ABSTRACT
Background: Current prognostic models for mild Traumatic Brain Injury (mTBI) are unsatisfactory in identifying patients at risk of an unfavorable outcome following injury.
Objective: To identify prognostic indicators of recovery one-year following mTBI.
Methods: A large population (n = 596) of patients with mTBI were prospectively recruited following admission to the Emergency Department. Data were collected at brain injury clinics at 8–10 weeks and one-year after injury. Functional recovery at one year was assessed using the Glasgow Outcome Scale-Extended (GOSE).

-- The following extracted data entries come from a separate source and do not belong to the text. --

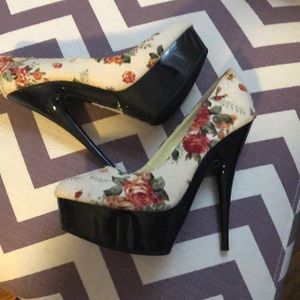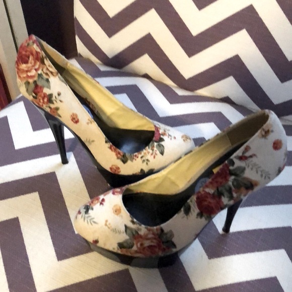 Floral platform heels off white with floral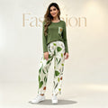 000 Olive Green plain full selives Tshirt flower pocket with Printed flowers Trouser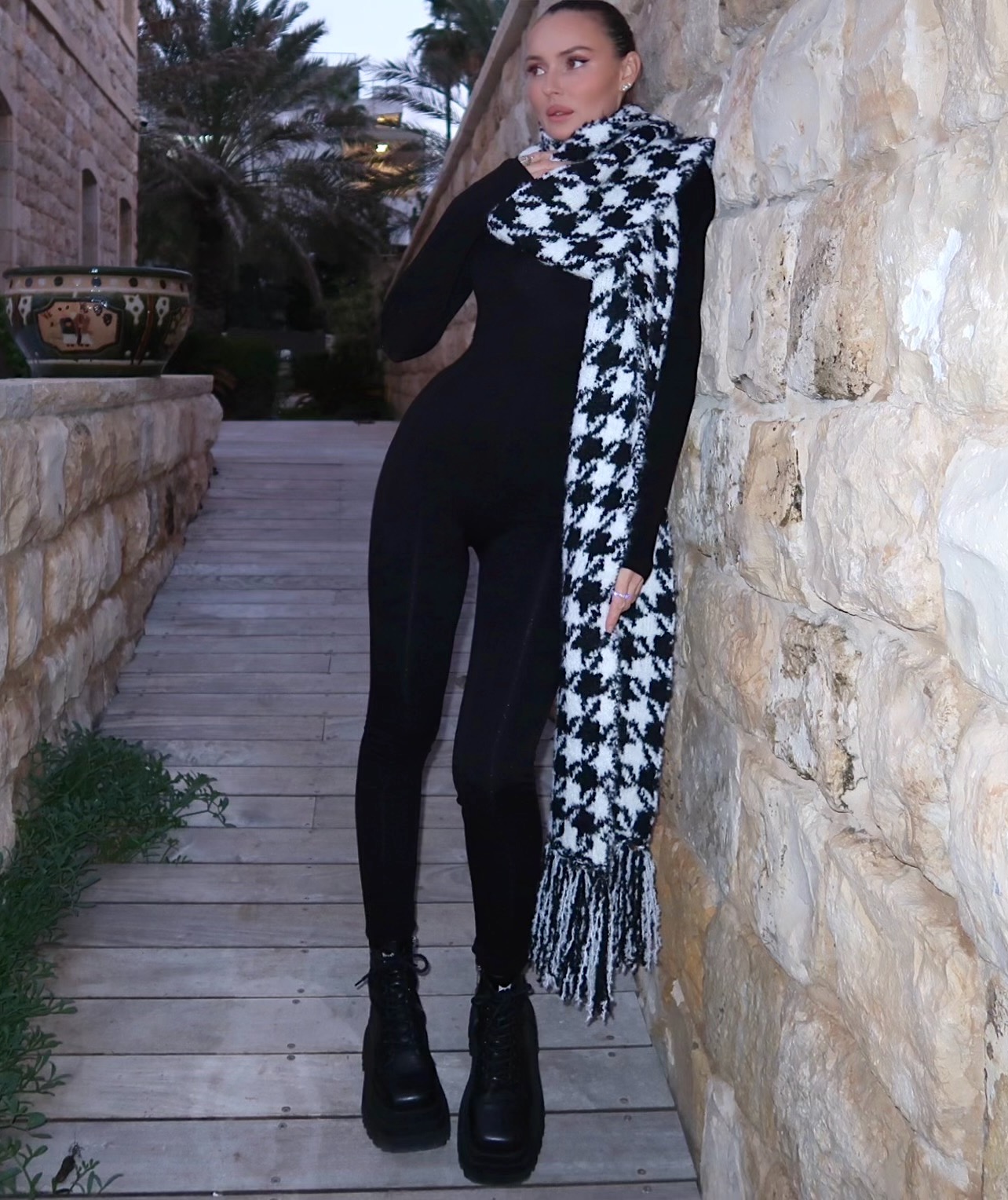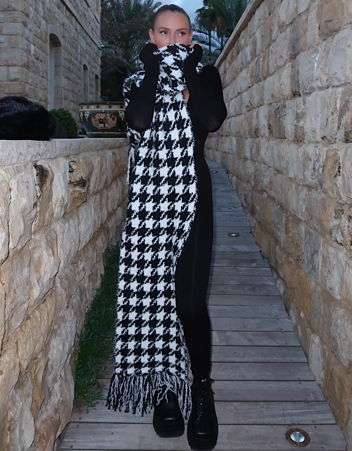 הצעיף רחב וארוך לכן הוא גם מחם את כל הגוף, סטייל כזה מושלם יש רק פה, אז פנקי את עצמך באקססורייז מהמם לחורף.
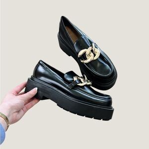 Black Loafers with Gold Chain Detail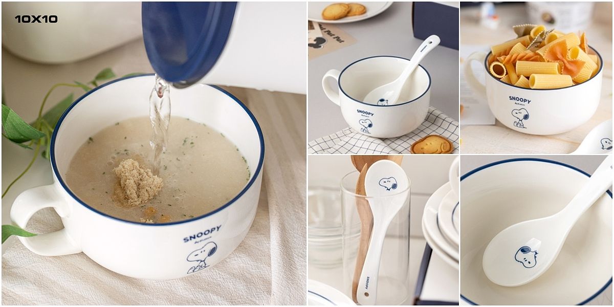 這款Snoopy 餐碗的大小為15 X 7 cm,超適合拿來吃早餐麥片或是泡杯熱湯時使用,陶瓷的材質可放入微波爐與洗碗機,實用性很高;餐碗設計成帶手柄的款式,想拿著移動超方便,不用在另外找托盤來端。 與Snoopy的陶瓷湯匙一起販售,一組的設計、加倍的可愛!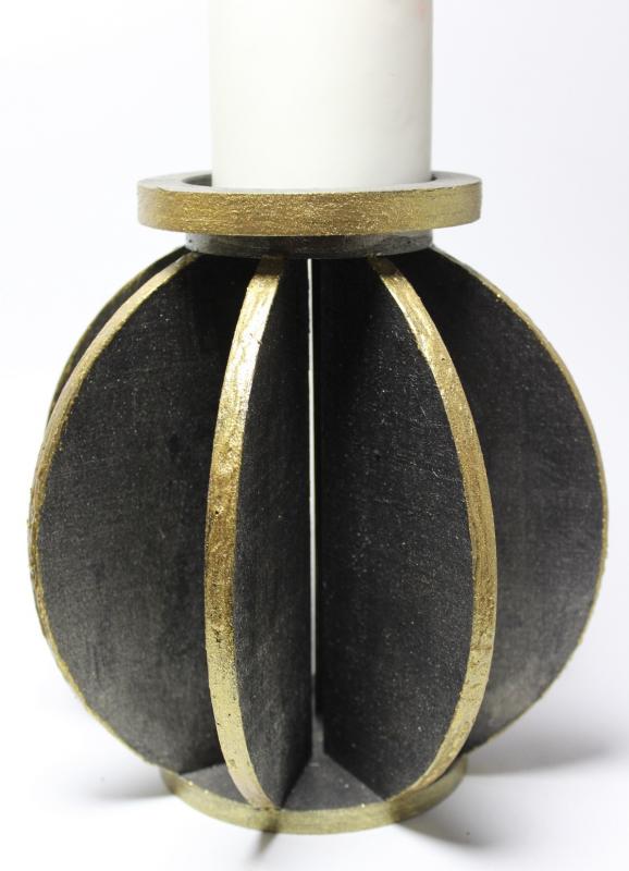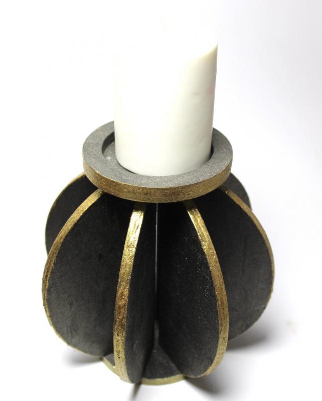 | Ahşap Küre Mumluk Siyah Üzerine Altın Varaklı, Büyük |
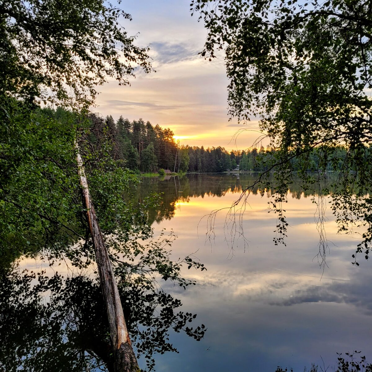 Oli sunnuntai aamu 28.7. 24 ja kello oli 5.38. Aurinko nousi Hollolan Vähä-Tiilijärven rannalla.

Results: A follow-up rate of 92% was achieved. The most common aetiologies of mTBI were falls (n = 222) and road traffic collisions (n = 154). Distribution of GCS was 15 (n = 363), 14 (n = 156) and 13 (n = 77). Ordinal regression analysis found that psychiatric history (p < .001), alcohol intoxication (p = .011), assault (p = .022) and GCS < 15 (p =< 0.001), were associated with worse outcome. An abnormal CT scan was not a predictor of disability.
Conclusion: Patients with a previous psychiatric history, GCS < 15, etiology of assault, and alcohol intoxication result in worse long-term outcomes after mTBI. The predictors identified should be implemented when developing a future-validated a prognostic model for mTBI recovery.
Disclosure of interest
The authors report no conflict of interest.